Speaking as someone who began writing for pay in 1980, I am frequently appalled by the gross grammatical errors being committed at what seems like a growing rate by other people who write for pay. If they don't know not to say "Send the shipment to Sally and I" how in heaven's name will young people ever learn it's supposed to be "me"? (For a whimsical take on this mounting problem, see my February post entitled The death of me.)
It's bad enough that text messaging is doing everything in its prodigious power to eradicate the art of writing during what's left of my lifetime; I don't need paid copywriters accelerating the destruction.
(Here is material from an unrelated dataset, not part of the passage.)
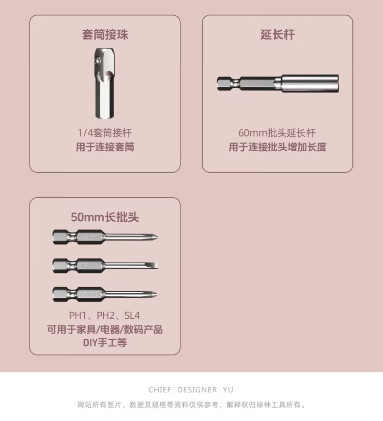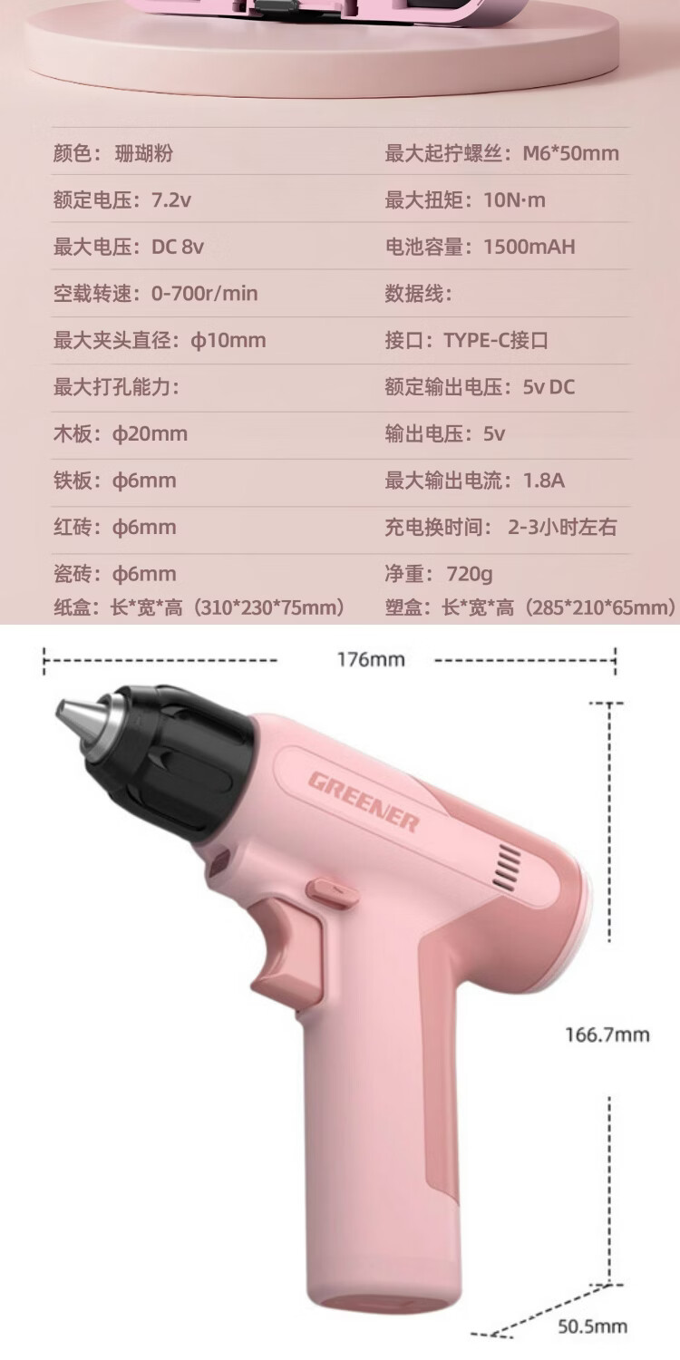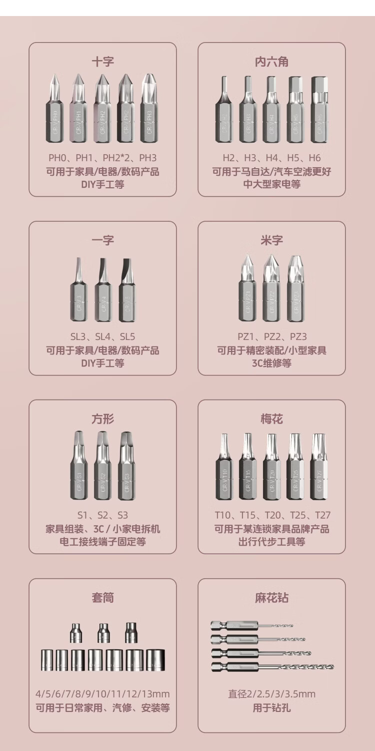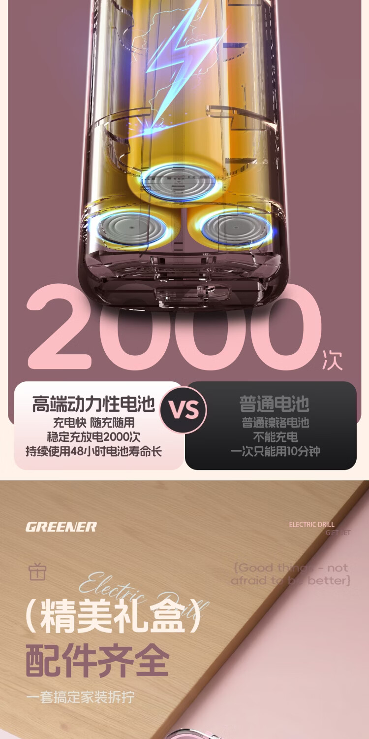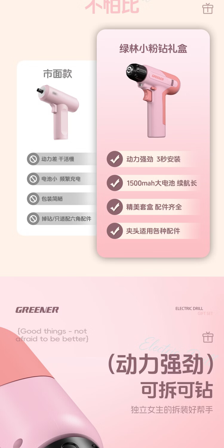 绿林电钻小粉钻手电钻女生粉家用小型手枪钻锂电充电多功能拧螺丝 44件粉钻礼盒-女神专属&搞定拆装

If you don't write for a living you're forgiven in advance for not knowing that all those supermarket signs should say "10 Items or Fewer." You're also forgiven in advance for not knowing (a) what a dangling modifier is and (b) how to fix one.
A dangling modifier is a modifier that's left hanging, that doesn't have anything to modify. Here's an example I happened upon recently in a publication sure to surprise you (it sure surprised me):
Standing before a fawning crowd at a private fundraiser in San Francisco last April, Senator Barack Obama's usually finely calibrated rhetoric loosened up.
Who was doing the standing? The finely calibrated rhetoric? See what I mean? The opening participial phrase is a dangling modifier because there's nothing for it to modify. The writer got lost or changed her mind midway through her sentence.
To fix this problem the sentence would have to be rewritten more or less as follows:
Standing before a fawning crowd at a private fundraiser in San Francisco last April, Senator Barack Obama loosened up his usually finely calibrated rhetoric.
Ah. That's more like it. Now we've got someone capable of standing.
Maybe the writer wrote the sentence my way in the first place, then thought it would flow better the way it wound up in the magazine, not noticing the resulting dangling modifier. Whatever.
The really surprising thing for me is where I found it: in the opening sentence, rendered in extra-large type, of an essay appearing in the Columbia Journalism Review. Which pretty much gives you and me (not I) a free pass on dangling modifiers until the end of time.